His projects, theoretical essays, and interviews have been translated into over twenty languages and have appeared in over 70 countries, and he lectures, teaches, and exhibits worldwide. Drawing upon architecture, music, and computation, and introducing numerous additional influences from art, science, and technology, his work intentionally defies categorization. He is universally recognized as the pioneer of architecture in cyberspace, of the critical consideration of virtual space as architectural and urban place, and of the use of generative computational composition in architecture and design. He originated several widely recognized concepts, such as "transvergence," "transarchitectures," "transmodernity," "liquid architectures," "navigable music," "habitable cinema," "archimusic," "eversion," "allogenesis," and others, anticipating many of the developments in digitally derived art, architecture, and music, and in virtual, augmented, mixed, and alternative reality research. His seminal essay "Liquid Architectures in Cyberspace," already translated into the world's major languages, is now included in several anthologies of critical documents of the digital era, along writings of key figures such as Charles Babbage, Alan Turing, Marshall McLuhan, and others. His pioneering work "Dancing With The Virtual Dervish: Worlds in Progress," developed at the Banff Center between 1991-1994 as part of the "Art and Virtual Environments Project," included the world's first 4-dimensional immersive environments, exploring and allowing navigation through spaces using four spatial dimensions, with time being fifth. His current research involves nano~ and bio~ technologies, and explores the hypothesis that we are in a cultural phase characterized by "the Production of the Alien," paralleling the Renaissance "Production of Man".
Marcos Novak has participated in many international exhibitions in museums and galleries around the world, including the 9th Mostra Internazionale di Architettura di Biennale di Venezia in 2004, and the 7th Mostra Internazionale di Architettura di Biennale di Venezia, in 2000, where he represented Greece. In honor of the pivotal role he has played and is continuing to play in the acceptance, integration, and development of the digital in advanced architecture, and as part of "Digital Real", a major international architecture exhibition hosted by DAM (Deutsches Architektur Museum, Frankfurt, Germany), he was invited to write "Liquid, Trans~, Invisible: The Ascent and Speciation of the Digital in Architecture. A Story"—a combined history/biographical chronology of the ascent of the digital in architecture and his part in it.

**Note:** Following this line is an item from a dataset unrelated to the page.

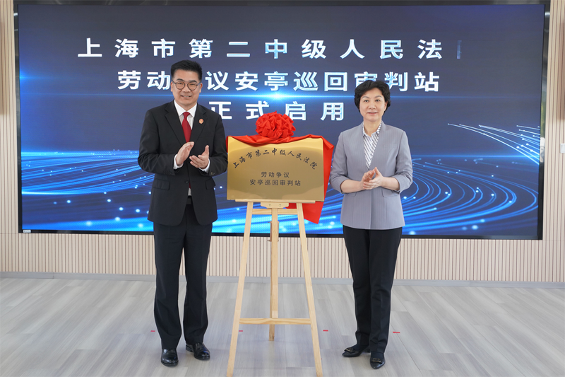 为进一步深化裁审衔接工作机制,4月28日,上海市人力资源和社会保障局与上海市第二中级人民法院共同举办劳动争议巡回审判站揭牌暨典型案例发布会。上海市人社局党组书记、局长杨佳瑛,上海二中院党组书记、院长郭伟清共同为“上海市第二中级人民法院劳动争议安亭巡回审判站”揭牌并讲话。

He is a Professor at the University of California, Santa Barbara, where he is affiliated with CNSI (the California NanoSystems Institute), MAT (Media Art and Technology), and Art. He named the UCSB AlloSphere (the three-story high sphere for the creation of immersive virtual environments, the largest such facility in the world originally proposed by Dr. Kuchera-Morin) and created its first project, the AlloBrain using fMRI scans of his own brain. He is the Director of the transLAB at UCSB. In 2004, he was honored to become a Fellow of the World Technology Network.